Input data Block Start
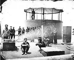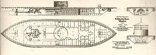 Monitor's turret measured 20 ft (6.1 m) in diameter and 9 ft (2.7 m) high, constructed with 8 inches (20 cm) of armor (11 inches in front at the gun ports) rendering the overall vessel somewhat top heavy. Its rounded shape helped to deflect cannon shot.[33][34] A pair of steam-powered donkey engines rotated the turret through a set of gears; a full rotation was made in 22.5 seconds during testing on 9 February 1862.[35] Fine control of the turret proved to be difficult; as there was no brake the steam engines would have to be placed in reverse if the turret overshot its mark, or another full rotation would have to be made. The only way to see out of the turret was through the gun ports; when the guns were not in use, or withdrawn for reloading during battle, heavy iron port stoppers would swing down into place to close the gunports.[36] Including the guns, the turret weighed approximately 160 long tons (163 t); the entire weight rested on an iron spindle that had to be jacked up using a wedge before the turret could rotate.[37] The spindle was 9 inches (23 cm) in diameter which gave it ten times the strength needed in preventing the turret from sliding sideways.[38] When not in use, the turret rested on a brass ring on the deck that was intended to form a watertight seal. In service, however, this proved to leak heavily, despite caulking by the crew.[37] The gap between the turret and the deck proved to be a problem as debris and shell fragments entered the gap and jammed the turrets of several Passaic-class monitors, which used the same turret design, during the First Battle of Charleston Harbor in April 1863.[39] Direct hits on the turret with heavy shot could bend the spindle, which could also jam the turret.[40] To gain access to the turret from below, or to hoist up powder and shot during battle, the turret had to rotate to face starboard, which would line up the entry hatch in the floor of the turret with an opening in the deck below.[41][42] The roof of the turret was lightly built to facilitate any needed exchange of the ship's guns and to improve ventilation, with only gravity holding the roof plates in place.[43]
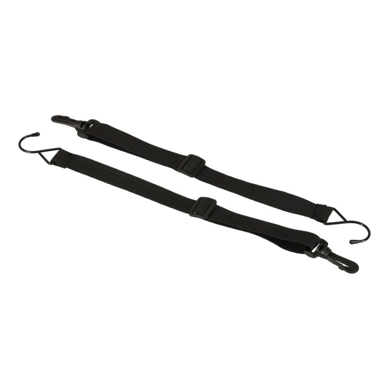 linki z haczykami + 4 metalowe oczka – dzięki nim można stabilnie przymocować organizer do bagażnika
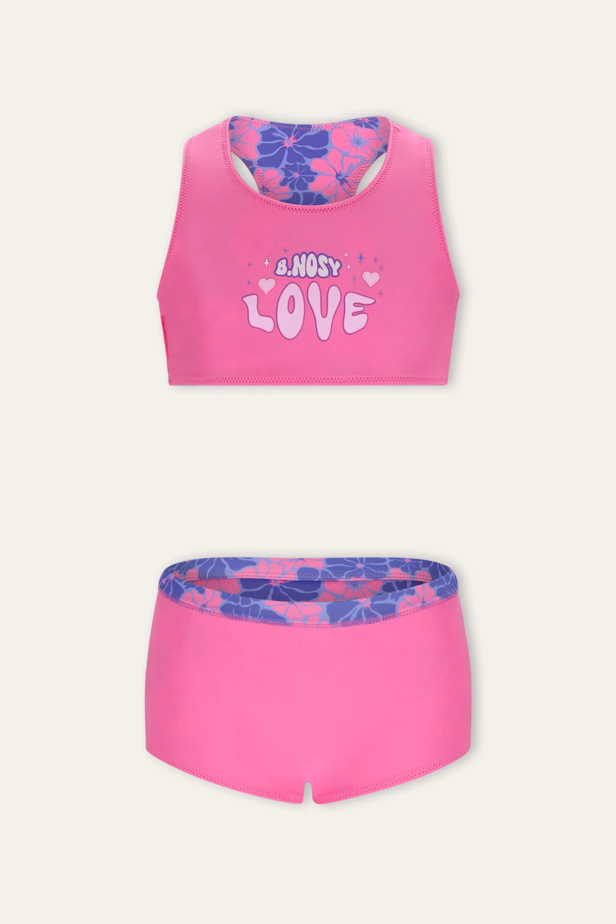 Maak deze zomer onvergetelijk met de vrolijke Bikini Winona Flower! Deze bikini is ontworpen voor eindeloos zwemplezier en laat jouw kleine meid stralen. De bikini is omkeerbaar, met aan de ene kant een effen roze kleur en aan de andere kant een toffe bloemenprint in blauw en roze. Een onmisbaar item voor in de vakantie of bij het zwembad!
Input data Block End
Input data Block Start
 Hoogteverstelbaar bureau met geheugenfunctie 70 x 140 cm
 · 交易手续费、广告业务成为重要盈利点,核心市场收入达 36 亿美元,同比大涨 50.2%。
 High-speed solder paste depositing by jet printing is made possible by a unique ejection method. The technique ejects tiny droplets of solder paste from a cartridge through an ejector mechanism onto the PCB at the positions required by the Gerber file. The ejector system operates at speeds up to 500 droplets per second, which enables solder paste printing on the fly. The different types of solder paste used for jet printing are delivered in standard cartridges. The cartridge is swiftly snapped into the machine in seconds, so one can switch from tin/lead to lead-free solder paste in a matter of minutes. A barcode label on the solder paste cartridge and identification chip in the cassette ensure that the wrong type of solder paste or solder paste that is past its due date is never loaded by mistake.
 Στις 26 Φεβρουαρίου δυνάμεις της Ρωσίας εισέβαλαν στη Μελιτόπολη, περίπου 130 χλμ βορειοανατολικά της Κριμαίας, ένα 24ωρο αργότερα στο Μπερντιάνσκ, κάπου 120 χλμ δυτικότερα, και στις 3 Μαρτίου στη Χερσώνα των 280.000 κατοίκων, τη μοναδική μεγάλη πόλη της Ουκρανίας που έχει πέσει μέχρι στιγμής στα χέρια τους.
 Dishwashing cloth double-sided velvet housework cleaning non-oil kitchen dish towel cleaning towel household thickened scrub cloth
Input data Block End
Input data Block Start
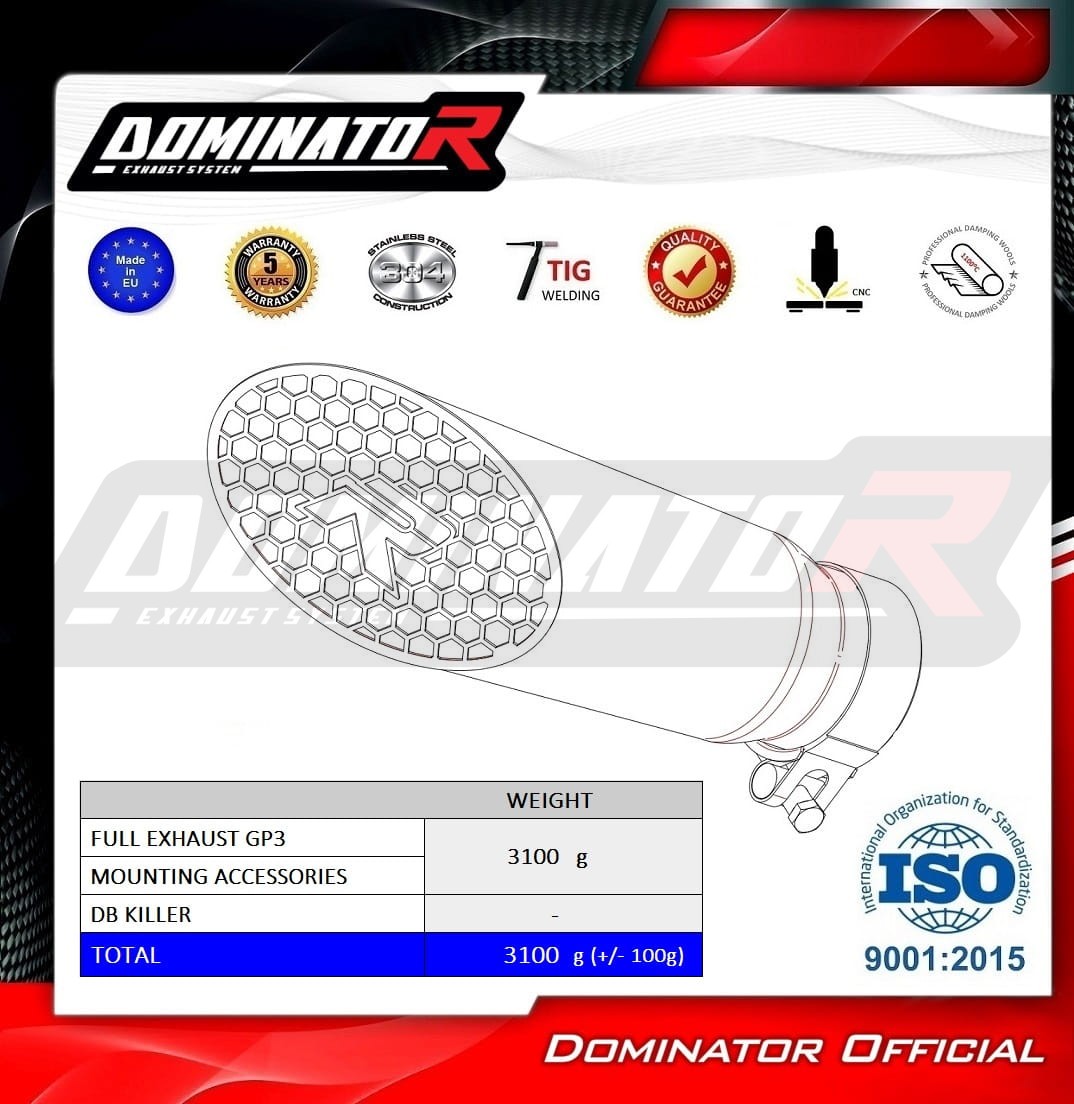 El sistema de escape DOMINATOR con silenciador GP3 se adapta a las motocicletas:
Input data Block End
§ **Your goal**: Only the lines above starting with the one with "High-speed solder paste" and going through the one with "Dishwashing cloth double-sided" are to be copied, word for word and with both ends kept.

§ **Finished task**:
 High-speed solder paste depositing by jet printing is made possible by a unique ejection method. The technique ejects tiny droplets of solder paste from a cartridge through an ejector mechanism onto the PCB at the positions required by the Gerber file. The ejector system operates at speeds up to 500 droplets per second, which enables solder paste printing on the fly. The different types of solder paste used for jet printing are delivered in standard cartridges. The cartridge is swiftly snapped into the machine in seconds, so one can switch from tin/lead to lead-free solder paste in a matter of minutes. A barcode label on the solder paste cartridge and identification chip in the cassette ensure that the wrong type of solder paste or solder paste that is past its due date is never loaded by mistake.
 Στις 26 Φεβρουαρίου δυνάμεις της Ρωσίας εισέβαλαν στη Μελιτόπολη, περίπου 130 χλμ βορειοανατολικά της Κριμαίας, ένα 24ωρο αργότερα στο Μπερντιάνσκ, κάπου 120 χλμ δυτικότερα, και στις 3 Μαρτίου στη Χερσώνα των 280.000 κατοίκων, τη μοναδική μεγάλη πόλη της Ουκρανίας που έχει πέσει μέχρι στιγμής στα χέρια τους.
 Dishwashing cloth double-sided velvet housework cleaning non-oil kitchen dish towel cleaning towel household thickened scrub cloth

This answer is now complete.